Lyons was disappointed to learn two weeks ago that Newburyport was not among the districts that were allocated funding through Gov. Deval Patrick's first $168 million round of stimulus disbursements. He said there is a very strong potential that the city will receive some of the remaining funds, or perhaps be successful in acquiring ARRA grants.

"This district will go after these (federal) grants aggressively," he said.

Lyons informed the School Committee of a grass-roots letter campaign recently launched by parents and residents of the district that he hoped would raise awareness of the district's plight.

"There's intense pressure on the governor and Legislature from cities and towns that got zero (disbursement) in the last round of stimulus monies," Lyons said. "I'm going to advise anyone listening to keep that up because it's going to come down to that."

Adam Martignetti, chief of staff for state Rep. Michael Costello, confirmed Costello's office has received more than 100 letters from city residents to date, and he said Costello would be advocating on behalf of those residents in upcoming discussions with Patrick.

"The parents have definitely made their voices heard and have appealed to the governor for a fair distribution of the remaining stimulus funds," Martignetti said. "We certainly commend them for that, and Rep. Costello is going to be following up with the governor, reiterating what the parents are seeking — a fair distribution."

Lyons said any more cuts to next year's budget would begin affecting students in a negative way.
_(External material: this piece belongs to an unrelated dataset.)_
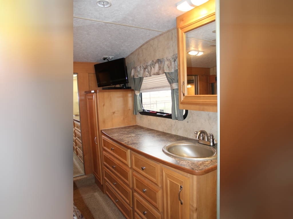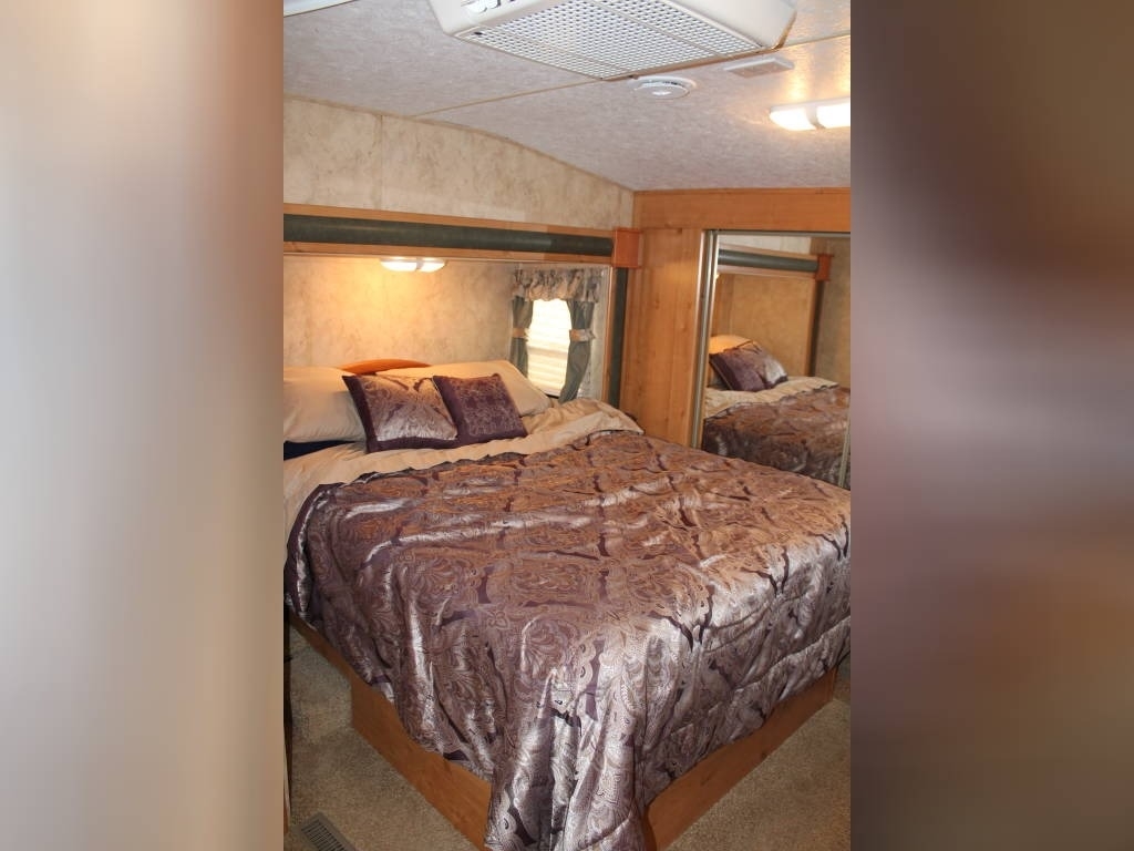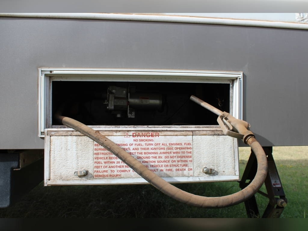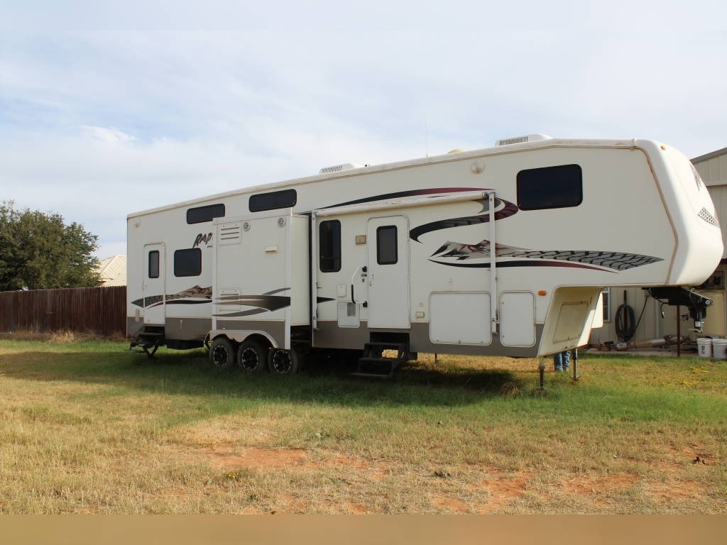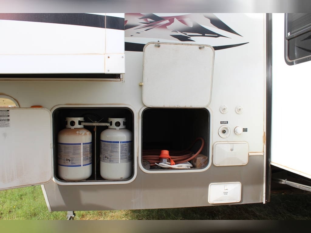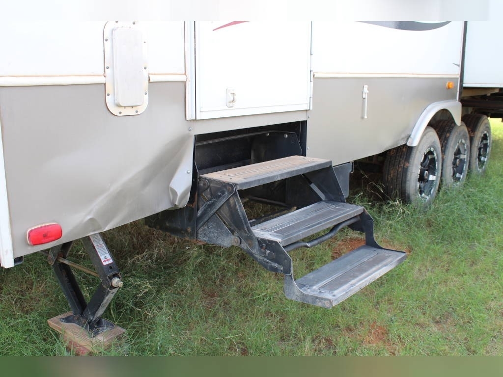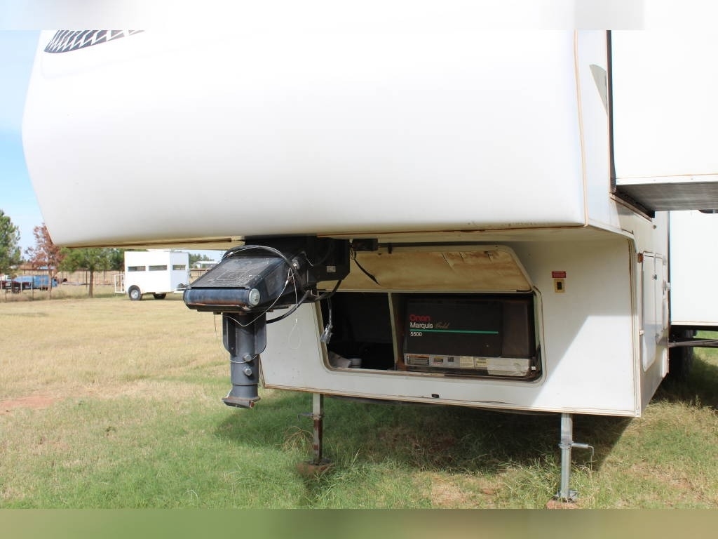 Per Seller - All mechanics and appliances in working order. Hot water heater and Refrigerator will run on propane or electric power. Dual propane bottles were bought new 1 year ago. New roof from RV Armor with Lifetime Warranty. Warranty is based on vin of trailer not owner. Slight damage due to blown tire from previous owner and is strictly cosmetic (pictures reflect). Camper is equipped with onboard Onan generator-623 hours. On board fuel station for toys and generator. Camper has 6 new 14 ply tires with less than 2,000 miles. Awning will extend and retract but canvas will need to be replaced due to sun damage. Outdoor shower. Carpet like new. Minimal if any cosmetic damage to interior. Mattress are included but bedding and dishes will be removed before sale closes. Trailer is set up with goose neck adaptor and can be removed for traditional 5th wheel. Clean title in hand.

And that's something for which he and fellow administrators have been putting pencil to paper for the last month to avoid.

In formulating the current revenue forecast, Lyons is counting on:

a revenue increase of $250,000 due to city workers changing their health insurance plan

an increase of $150,000 in the city's assessment allocation per Mayor John Moak

a one-time $225,000 cash influx from the school-choice revolving account

plus an additional $50,000 due to increased school-choice applicants for next year

Lyons said the district is expecting to receive about $300,000 in promised ARRA stimulus funds funneled from the federal government through Title I and Individuals with Disabilities Education Act grants, and he and district administrators were also able to cut approximately $120,000 from the school's operating budget.

"That is significant," he told the committee. "This brings the gap to $250,000 when it was $500,000 one month ago, and that's great news."

But if April 27 should come along before any of these revenue streams come to fruition, Lyons told the committee he would be advocating for passage of the budget, funded or not.

"If we still have an unbalanced budget (on April 27), my recommendation would be that you adopt an unbalanced budget at that time subject to any changes that could take place," Lyons said. "I promise you there's no more money to take from this budget that isn't going to negatively affect students."